TASK STATEMENT:
Range to repeat from the listing below: the line containing "The Heart PSD" down to the line containing "#斎藤元彦は知事失格 #斎藤元彦と立花孝志は2馬力選挙 pic.x.com/dHNQtHNA2W", both included. Copy it exactly, pictures excluded, and add nothing else.

<<<<

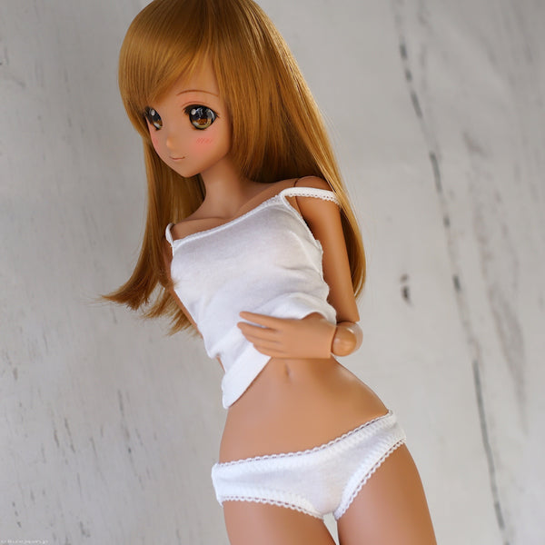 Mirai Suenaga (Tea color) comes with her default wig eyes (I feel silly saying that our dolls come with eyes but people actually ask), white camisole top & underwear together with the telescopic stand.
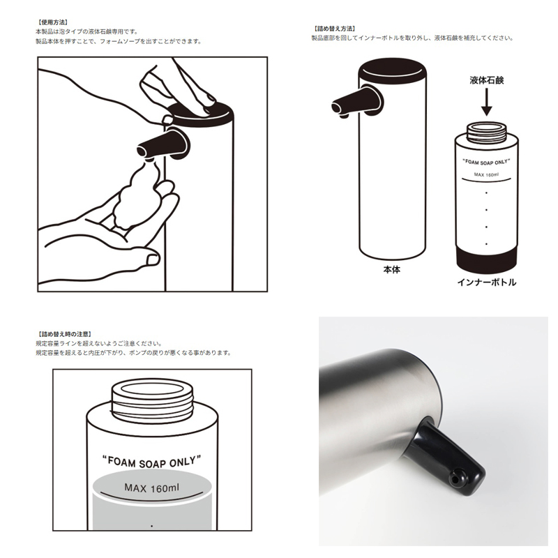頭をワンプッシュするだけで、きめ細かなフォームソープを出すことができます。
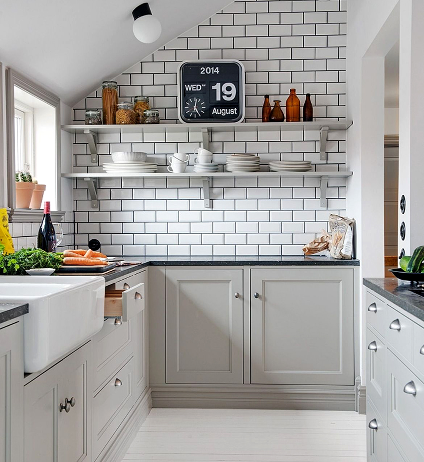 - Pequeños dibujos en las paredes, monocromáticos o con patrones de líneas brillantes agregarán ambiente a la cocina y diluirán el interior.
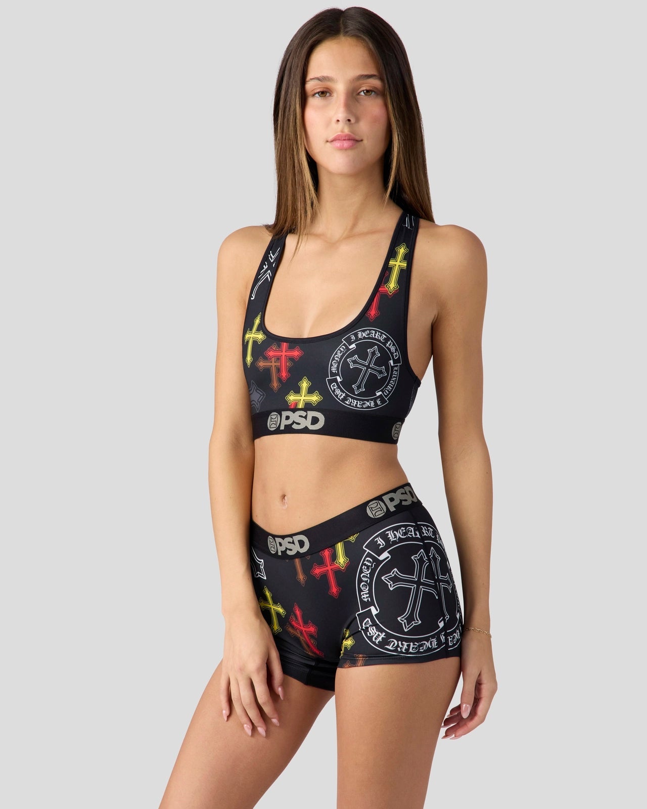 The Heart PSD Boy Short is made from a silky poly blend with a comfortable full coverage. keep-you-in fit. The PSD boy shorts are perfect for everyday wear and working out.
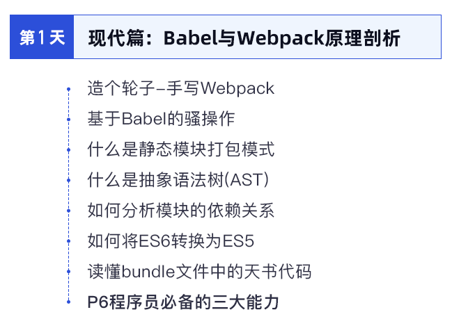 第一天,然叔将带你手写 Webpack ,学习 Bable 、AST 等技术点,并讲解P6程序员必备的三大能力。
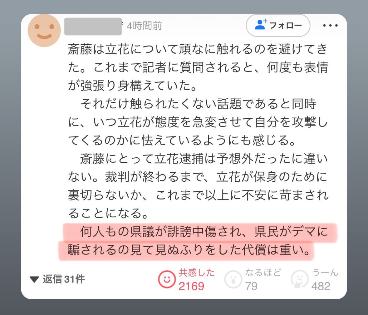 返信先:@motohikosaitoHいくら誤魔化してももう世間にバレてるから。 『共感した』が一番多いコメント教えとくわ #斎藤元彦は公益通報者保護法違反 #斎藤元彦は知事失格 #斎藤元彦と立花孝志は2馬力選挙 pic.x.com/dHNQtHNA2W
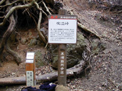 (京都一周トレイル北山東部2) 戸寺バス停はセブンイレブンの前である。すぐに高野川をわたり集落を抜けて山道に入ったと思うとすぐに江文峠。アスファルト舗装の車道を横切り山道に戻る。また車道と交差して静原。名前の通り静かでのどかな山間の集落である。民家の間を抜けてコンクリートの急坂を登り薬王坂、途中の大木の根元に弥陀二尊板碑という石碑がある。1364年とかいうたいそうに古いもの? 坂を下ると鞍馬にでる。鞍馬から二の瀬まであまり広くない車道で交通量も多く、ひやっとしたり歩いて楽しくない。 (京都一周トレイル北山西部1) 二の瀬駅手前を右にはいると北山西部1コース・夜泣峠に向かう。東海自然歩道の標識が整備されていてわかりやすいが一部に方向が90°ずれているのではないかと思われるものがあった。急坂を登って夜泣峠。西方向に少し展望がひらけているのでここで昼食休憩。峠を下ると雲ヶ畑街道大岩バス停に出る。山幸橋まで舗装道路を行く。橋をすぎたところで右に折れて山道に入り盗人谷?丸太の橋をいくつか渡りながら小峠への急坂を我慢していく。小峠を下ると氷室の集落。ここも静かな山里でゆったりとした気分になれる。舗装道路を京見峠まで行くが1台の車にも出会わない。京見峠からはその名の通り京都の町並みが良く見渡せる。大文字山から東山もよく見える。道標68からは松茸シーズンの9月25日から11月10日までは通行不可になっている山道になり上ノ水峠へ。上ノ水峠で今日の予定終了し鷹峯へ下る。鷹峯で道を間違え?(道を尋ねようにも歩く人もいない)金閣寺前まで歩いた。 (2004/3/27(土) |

>>>>

ANSWER TO THIS PROBLEM:
 The Heart PSD Boy Short is made from a silky poly blend with a comfortable full coverage. keep-you-in fit. The PSD boy shorts are perfect for everyday wear and working out.
 第一天,然叔将带你手写 Webpack ,学习 Bable 、AST 等技术点,并讲解P6程序员必备的三大能力。
 返信先:@motohikosaitoHいくら誤魔化してももう世間にバレてるから。 『共感した』が一番多いコメント教えとくわ #斎藤元彦は公益通報者保護法違反 #斎藤元彦は知事失格 #斎藤元彦と立花孝志は2馬力選挙 pic.x.com/dHNQtHNA2W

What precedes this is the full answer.